| Aim of the exercise |
Output, exactly as written, the lines below from the one that has "Funda de Cuero" through the one that has "圖:巫堃泰(圓圈示)曾往台灣"; nothing else, and no pictures.

| Data for processing |
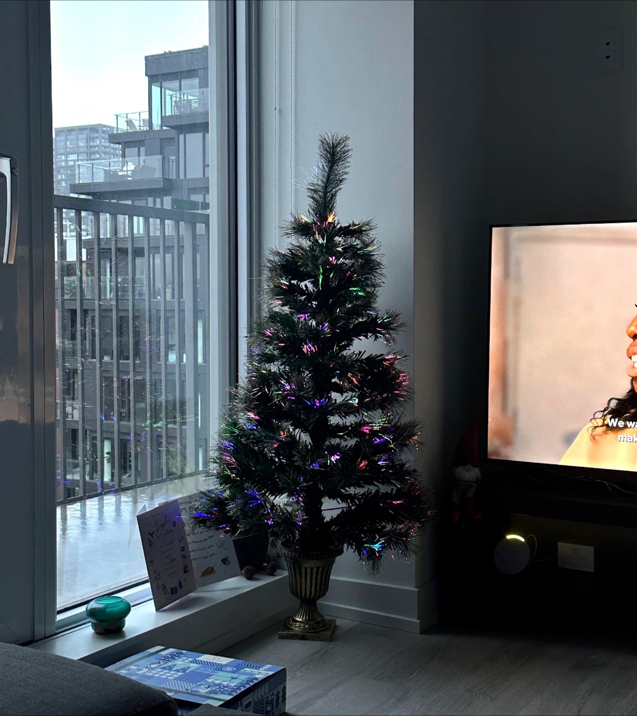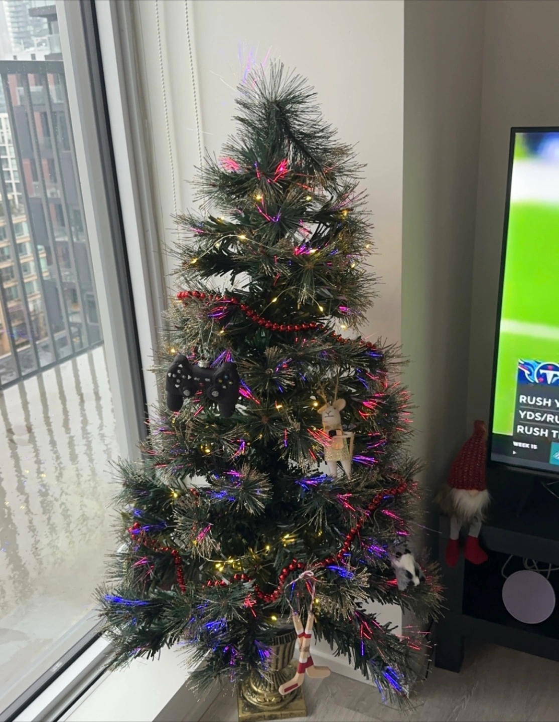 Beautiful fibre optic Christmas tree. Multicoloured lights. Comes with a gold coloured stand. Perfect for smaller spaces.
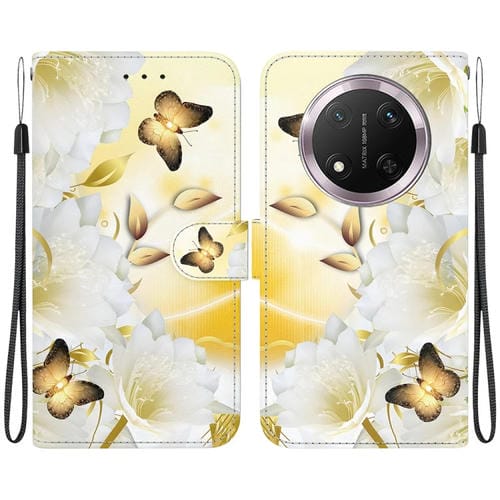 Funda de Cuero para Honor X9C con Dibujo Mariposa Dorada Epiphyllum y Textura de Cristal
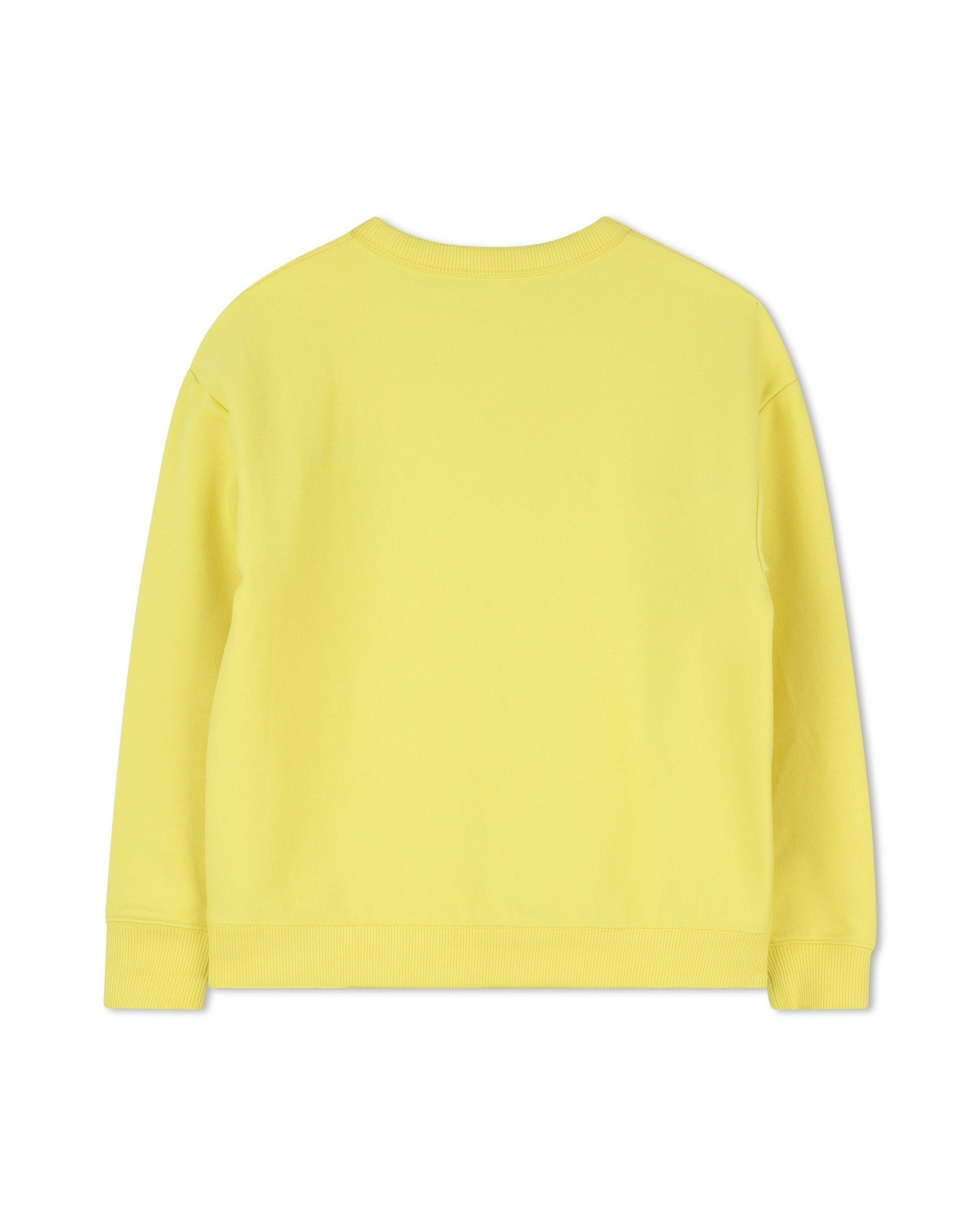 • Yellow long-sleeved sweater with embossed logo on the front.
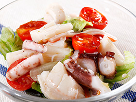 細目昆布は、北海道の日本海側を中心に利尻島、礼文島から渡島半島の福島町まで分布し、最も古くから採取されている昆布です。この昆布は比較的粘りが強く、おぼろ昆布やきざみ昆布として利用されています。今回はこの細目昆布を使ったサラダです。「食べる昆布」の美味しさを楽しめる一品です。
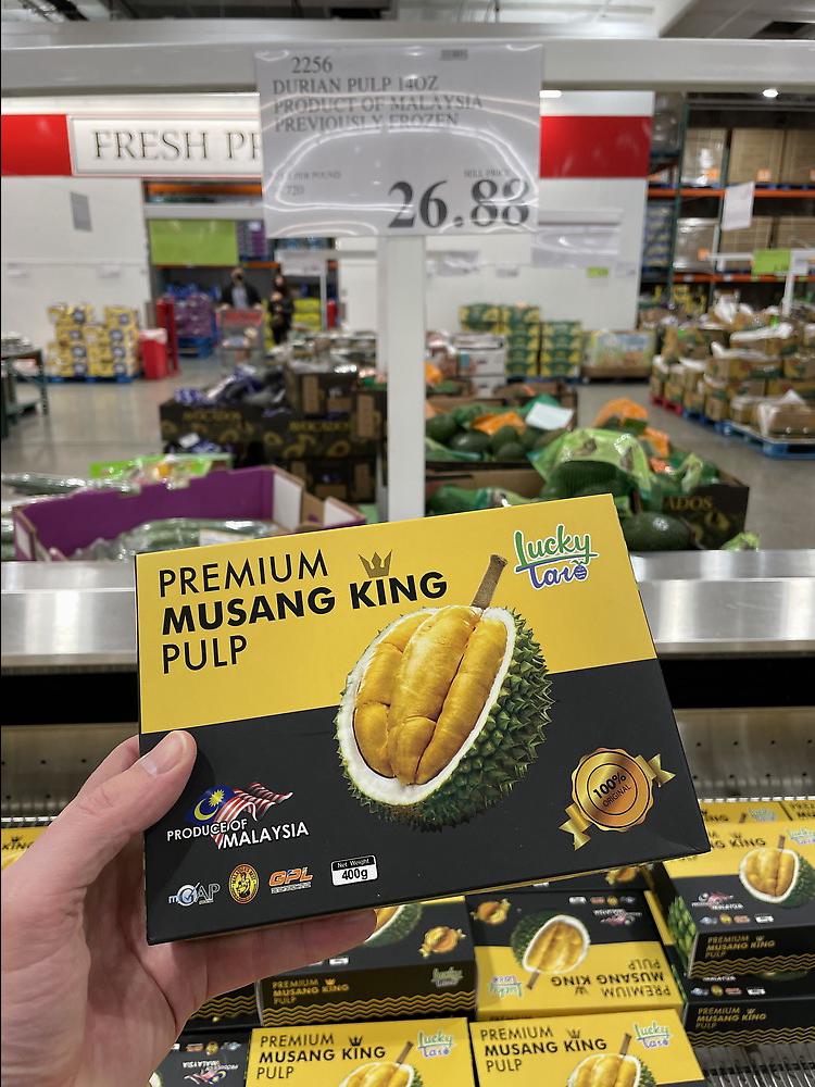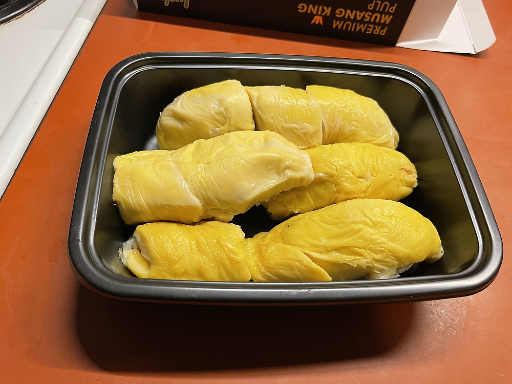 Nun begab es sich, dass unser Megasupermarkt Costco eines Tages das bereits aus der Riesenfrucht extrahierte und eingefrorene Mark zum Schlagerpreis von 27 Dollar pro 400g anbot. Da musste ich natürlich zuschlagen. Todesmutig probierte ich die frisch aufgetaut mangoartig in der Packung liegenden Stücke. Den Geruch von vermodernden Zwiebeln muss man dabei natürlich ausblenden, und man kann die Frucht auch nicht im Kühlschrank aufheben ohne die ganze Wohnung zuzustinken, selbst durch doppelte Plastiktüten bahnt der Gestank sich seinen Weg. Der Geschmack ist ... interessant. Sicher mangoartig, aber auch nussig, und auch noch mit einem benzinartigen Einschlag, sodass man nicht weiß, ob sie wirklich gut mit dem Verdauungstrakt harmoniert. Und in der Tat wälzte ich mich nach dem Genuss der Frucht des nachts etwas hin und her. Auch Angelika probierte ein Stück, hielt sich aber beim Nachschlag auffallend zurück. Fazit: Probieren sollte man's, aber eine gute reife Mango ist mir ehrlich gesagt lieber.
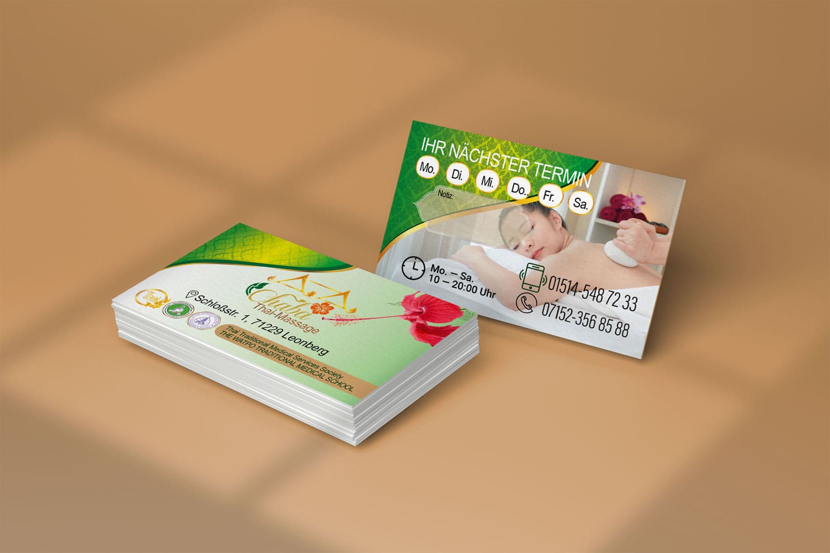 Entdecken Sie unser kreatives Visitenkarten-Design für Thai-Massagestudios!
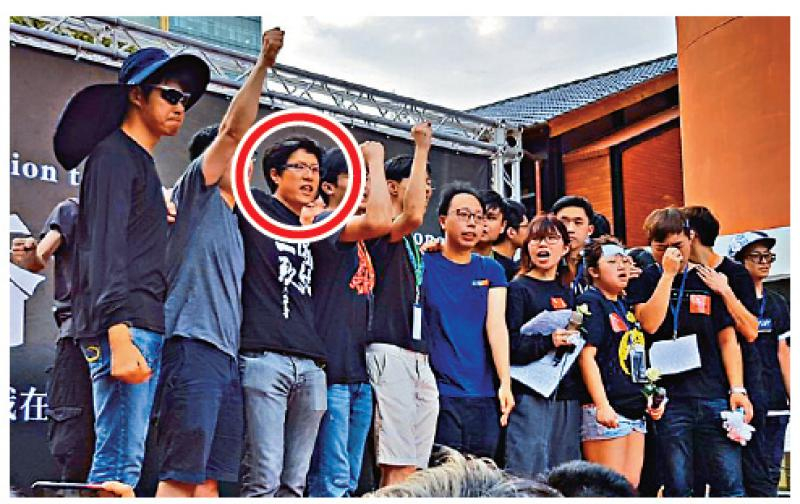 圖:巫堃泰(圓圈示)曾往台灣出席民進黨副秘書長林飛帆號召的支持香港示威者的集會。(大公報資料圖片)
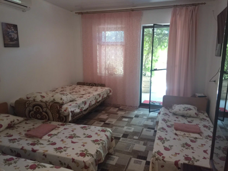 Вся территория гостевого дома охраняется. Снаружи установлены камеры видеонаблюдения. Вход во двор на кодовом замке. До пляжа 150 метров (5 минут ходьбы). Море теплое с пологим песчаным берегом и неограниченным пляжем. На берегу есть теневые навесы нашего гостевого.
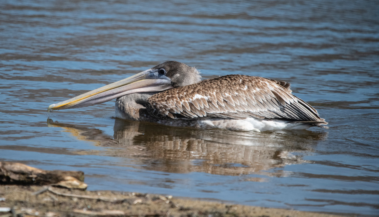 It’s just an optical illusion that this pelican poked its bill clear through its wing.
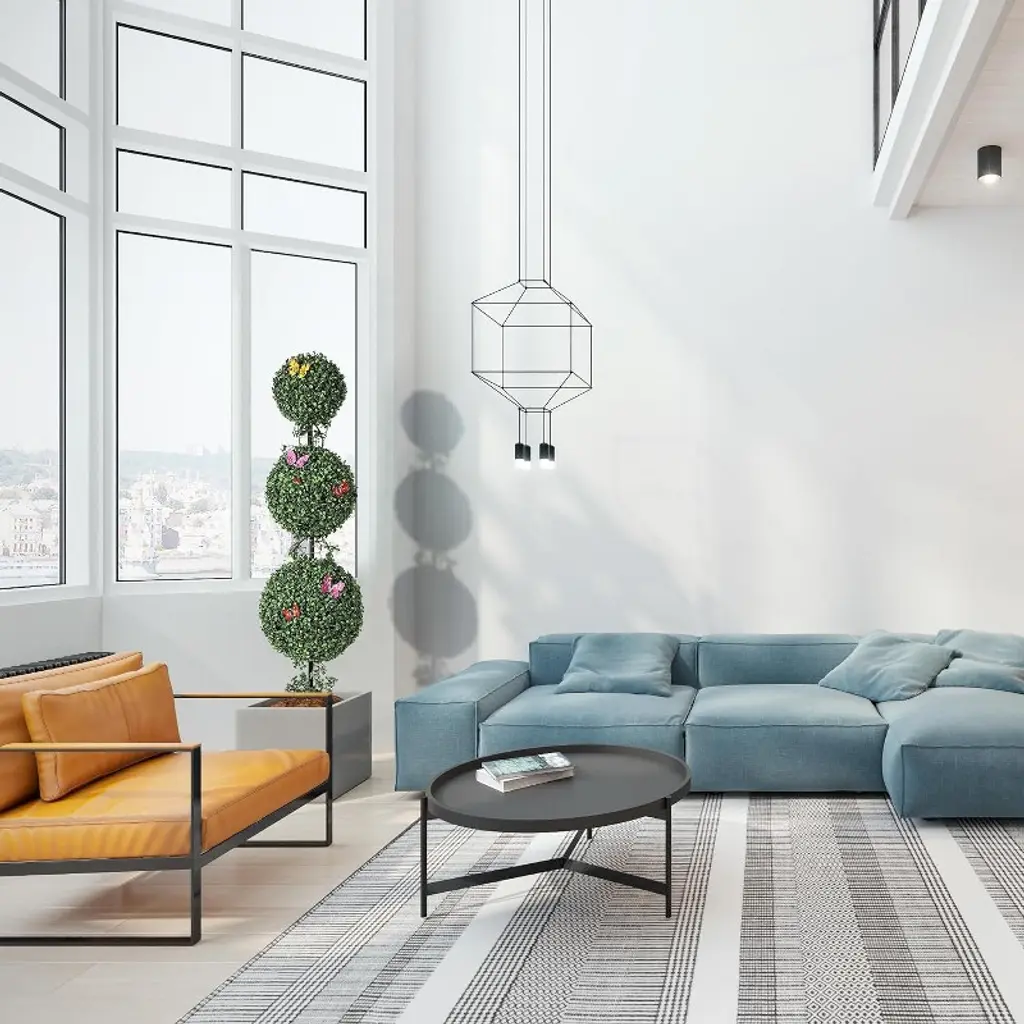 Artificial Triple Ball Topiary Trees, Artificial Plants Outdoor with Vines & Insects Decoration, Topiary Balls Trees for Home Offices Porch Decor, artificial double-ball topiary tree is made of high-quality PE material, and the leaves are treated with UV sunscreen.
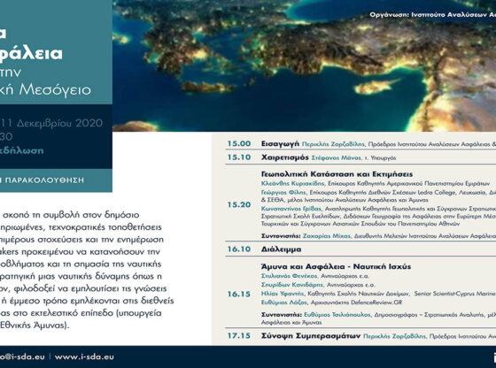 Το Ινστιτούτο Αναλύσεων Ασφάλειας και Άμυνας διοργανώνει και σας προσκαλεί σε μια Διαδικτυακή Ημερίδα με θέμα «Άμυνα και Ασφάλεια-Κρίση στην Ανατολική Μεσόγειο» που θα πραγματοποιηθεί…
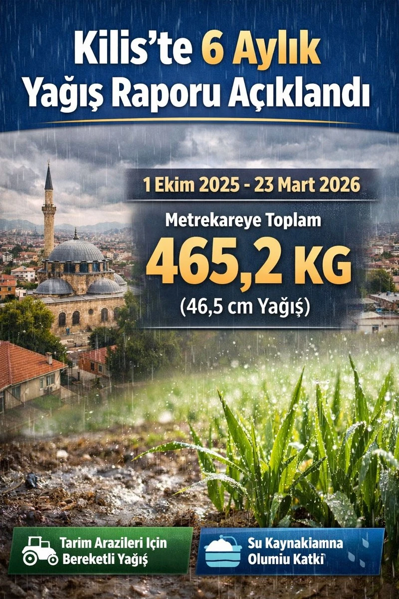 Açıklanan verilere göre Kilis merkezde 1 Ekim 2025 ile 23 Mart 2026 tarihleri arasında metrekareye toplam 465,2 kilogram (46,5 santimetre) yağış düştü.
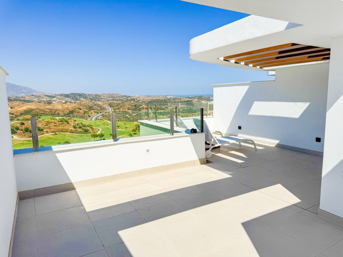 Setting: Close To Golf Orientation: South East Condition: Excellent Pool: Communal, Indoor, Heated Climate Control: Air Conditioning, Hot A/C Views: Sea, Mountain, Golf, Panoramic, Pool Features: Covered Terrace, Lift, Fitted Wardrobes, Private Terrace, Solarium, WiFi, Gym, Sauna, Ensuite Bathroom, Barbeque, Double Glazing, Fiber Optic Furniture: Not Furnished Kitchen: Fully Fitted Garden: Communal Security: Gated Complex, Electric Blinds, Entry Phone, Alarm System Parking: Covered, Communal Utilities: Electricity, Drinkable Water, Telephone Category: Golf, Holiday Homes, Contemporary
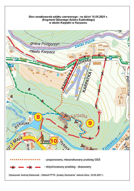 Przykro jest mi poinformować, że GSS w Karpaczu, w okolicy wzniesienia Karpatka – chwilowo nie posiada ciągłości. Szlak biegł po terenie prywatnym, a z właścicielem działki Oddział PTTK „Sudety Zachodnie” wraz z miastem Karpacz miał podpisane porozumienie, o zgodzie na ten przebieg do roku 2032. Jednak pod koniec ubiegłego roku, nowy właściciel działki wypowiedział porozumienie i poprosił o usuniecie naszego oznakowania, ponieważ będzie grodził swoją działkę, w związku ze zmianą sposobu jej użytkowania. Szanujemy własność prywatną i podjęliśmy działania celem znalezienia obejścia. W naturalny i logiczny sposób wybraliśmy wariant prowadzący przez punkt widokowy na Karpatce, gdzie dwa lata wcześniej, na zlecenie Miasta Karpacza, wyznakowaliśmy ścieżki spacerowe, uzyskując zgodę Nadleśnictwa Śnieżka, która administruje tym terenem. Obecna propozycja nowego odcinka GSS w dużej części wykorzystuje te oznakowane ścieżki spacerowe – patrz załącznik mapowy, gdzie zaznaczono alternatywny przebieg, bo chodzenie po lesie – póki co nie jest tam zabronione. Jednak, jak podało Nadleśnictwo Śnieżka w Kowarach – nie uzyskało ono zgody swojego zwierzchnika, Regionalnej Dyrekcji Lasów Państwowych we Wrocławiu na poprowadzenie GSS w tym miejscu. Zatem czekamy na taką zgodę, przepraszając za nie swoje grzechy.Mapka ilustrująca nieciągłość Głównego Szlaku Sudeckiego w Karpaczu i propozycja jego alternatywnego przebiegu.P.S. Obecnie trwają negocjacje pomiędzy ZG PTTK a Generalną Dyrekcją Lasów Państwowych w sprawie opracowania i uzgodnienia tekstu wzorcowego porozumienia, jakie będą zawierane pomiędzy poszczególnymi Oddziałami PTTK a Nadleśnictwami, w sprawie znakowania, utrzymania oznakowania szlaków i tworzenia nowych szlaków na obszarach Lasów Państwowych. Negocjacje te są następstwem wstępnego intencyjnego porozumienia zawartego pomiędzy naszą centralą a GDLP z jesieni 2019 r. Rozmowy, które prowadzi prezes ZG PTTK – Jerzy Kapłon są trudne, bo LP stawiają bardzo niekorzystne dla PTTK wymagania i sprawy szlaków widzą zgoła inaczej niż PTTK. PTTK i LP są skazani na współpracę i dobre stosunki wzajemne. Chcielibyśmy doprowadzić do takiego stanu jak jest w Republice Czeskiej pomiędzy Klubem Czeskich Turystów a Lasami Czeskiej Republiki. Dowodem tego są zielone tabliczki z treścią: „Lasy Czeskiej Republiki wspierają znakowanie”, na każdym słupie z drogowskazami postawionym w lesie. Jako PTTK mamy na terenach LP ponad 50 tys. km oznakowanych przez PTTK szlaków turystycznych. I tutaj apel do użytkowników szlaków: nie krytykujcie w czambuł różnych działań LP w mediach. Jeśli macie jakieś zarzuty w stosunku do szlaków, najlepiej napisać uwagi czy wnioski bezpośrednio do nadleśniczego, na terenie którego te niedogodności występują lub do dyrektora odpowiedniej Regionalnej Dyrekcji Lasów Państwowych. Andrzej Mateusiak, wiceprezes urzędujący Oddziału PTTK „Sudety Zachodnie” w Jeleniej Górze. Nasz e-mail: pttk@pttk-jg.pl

| Solution below |
 Funda de Cuero para Honor X9C con Dibujo Mariposa Dorada Epiphyllum y Textura de Cristal
 • Yellow long-sleeved sweater with embossed logo on the front.
 細目昆布は、北海道の日本海側を中心に利尻島、礼文島から渡島半島の福島町まで分布し、最も古くから採取されている昆布です。この昆布は比較的粘りが強く、おぼろ昆布やきざみ昆布として利用されています。今回はこの細目昆布を使ったサラダです。「食べる昆布」の美味しさを楽しめる一品です。
 Nun begab es sich, dass unser Megasupermarkt Costco eines Tages das bereits aus der Riesenfrucht extrahierte und eingefrorene Mark zum Schlagerpreis von 27 Dollar pro 400g anbot. Da musste ich natürlich zuschlagen. Todesmutig probierte ich die frisch aufgetaut mangoartig in der Packung liegenden Stücke. Den Geruch von vermodernden Zwiebeln muss man dabei natürlich ausblenden, und man kann die Frucht auch nicht im Kühlschrank aufheben ohne die ganze Wohnung zuzustinken, selbst durch doppelte Plastiktüten bahnt der Gestank sich seinen Weg. Der Geschmack ist ... interessant. Sicher mangoartig, aber auch nussig, und auch noch mit einem benzinartigen Einschlag, sodass man nicht weiß, ob sie wirklich gut mit dem Verdauungstrakt harmoniert. Und in der Tat wälzte ich mich nach dem Genuss der Frucht des nachts etwas hin und her. Auch Angelika probierte ein Stück, hielt sich aber beim Nachschlag auffallend zurück. Fazit: Probieren sollte man's, aber eine gute reife Mango ist mir ehrlich gesagt lieber.
 Entdecken Sie unser kreatives Visitenkarten-Design für Thai-Massagestudios!
 圖:巫堃泰(圓圈示)曾往台灣出席民進黨副秘書長林飛帆號召的支持香港示威者的集會。(大公報資料圖片)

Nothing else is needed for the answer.